The success of other labours, answerable to moderate wishes, has enabled me to
pursue this task under favourable circumstances, and with an unselfish,

independent aim. Not with vainglorious pride, but with reverent gratitude to
God, I acknowledge this advantage, giving thanks for the signal mercy which
has upborne me to the long-continued effort. Had the case been otherwise,—had
the labours of the school-room been still demanded for my support,—the present
large volume would never have appeared. I had desired some leisure for the
completing of this design, and to it I scrupled not to sacrifice the profits of my
main employment, as soon as it could be done without hazard of adding another
chapter to "the Calamities of Authors."
The nature and design of this treatise are perhaps sufficiently developed in
connexion with the various topics which are successively treated of in the
Introduction. 

That method of teaching, which I conceive to be the best, is also
there described.

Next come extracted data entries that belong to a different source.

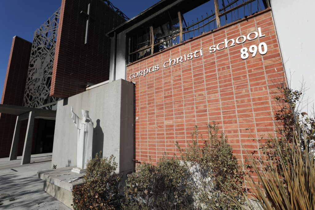 A burned section of Corpus Christi School is seen in Pacific Palisades.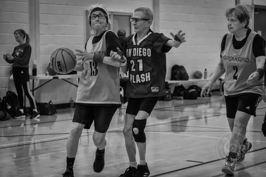 圣地亚哥老年女子篮球协会成立已有25余年,是美国规模最大的50岁以上女性篮球联盟。其中两支球队的球员年龄均超过80岁:圣地亚哥飞溅队,以及新晋球队金女郎队。她们中的许多人成长于一个体育运动被认为不符合女性气质的年代,女性(尤其是非裔美国女性)的运动机会极为稀少。1972年颁布的一项法律改变了有组织的体育赛事,但对她们而言为时已晚。如今,她们只为能参与集体篮球运动而高兴。如今,这个联赛的意义早已超越运动本身。它促进积极老龄化,维系友谊,凝聚社区力量。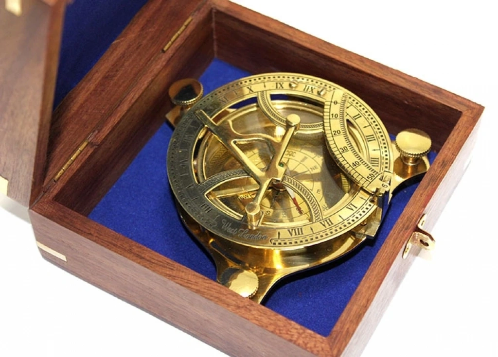 Ahşap Kutulu El Yapımı Pirinç Güneş Saati Ve Pusula 15640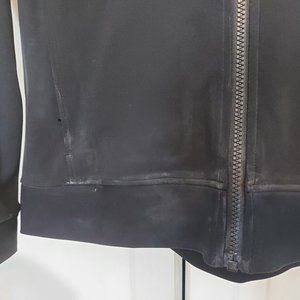 Jacket is in used condition, has several areas affected by "Wash Wear" (See Photos) Zipper pulls are also paint chipped, no hood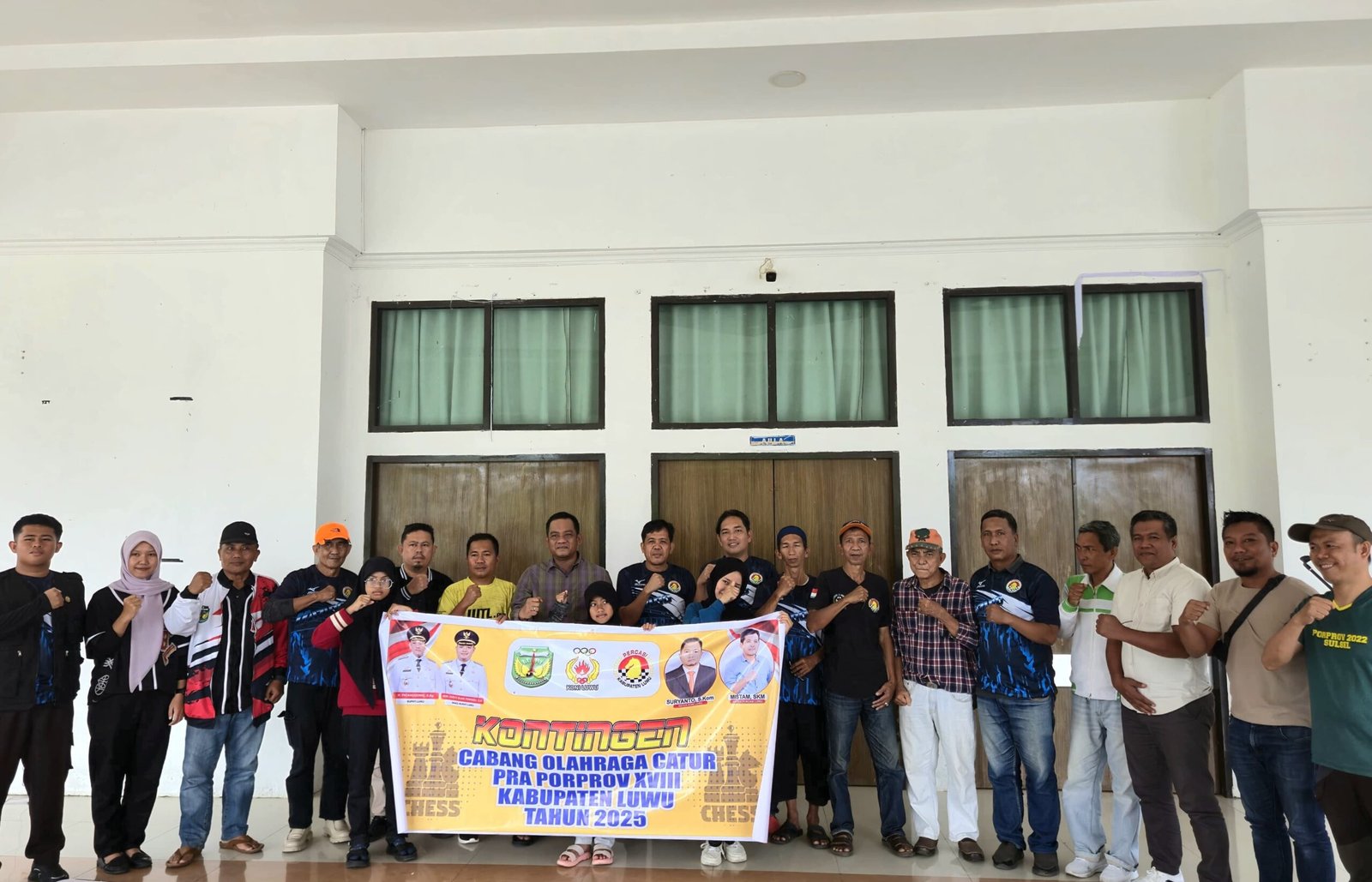Acara pelepasan berlangsung di Rumah Jabatan Bupati Luwu, Sabtu, 27 September 2025. Turut hadir Ketua KONI Luwu, Suryanto, Ketua PERCASI Luwu, Mistam, para pelatih, official, serta 13 atlet catur yang akan bertanding.

And, in the Grammar itself, there will be found occasional
directions concerning the manner of its use. I have hoped to facilitate the study
of the English language, not by abridging our grammatical code, or by rejecting
the common phraseolgy [sic—KTH] of its doctrines, but by extending the
former, improving the latter, and establishing both;—but still more, by
furnishing new illustrations of the subject, and arranging its vast number of
particulars in such order that every item may be readily found.

An other important purpose, which, in the preparation of this work, has been
borne constantly in mind, and judged worthy of very particular attention, was the
attempt to settle, so far as the most patient investigation and the fullest exhibition
of proofs could do it, the multitudinous and vexatious disputes which have.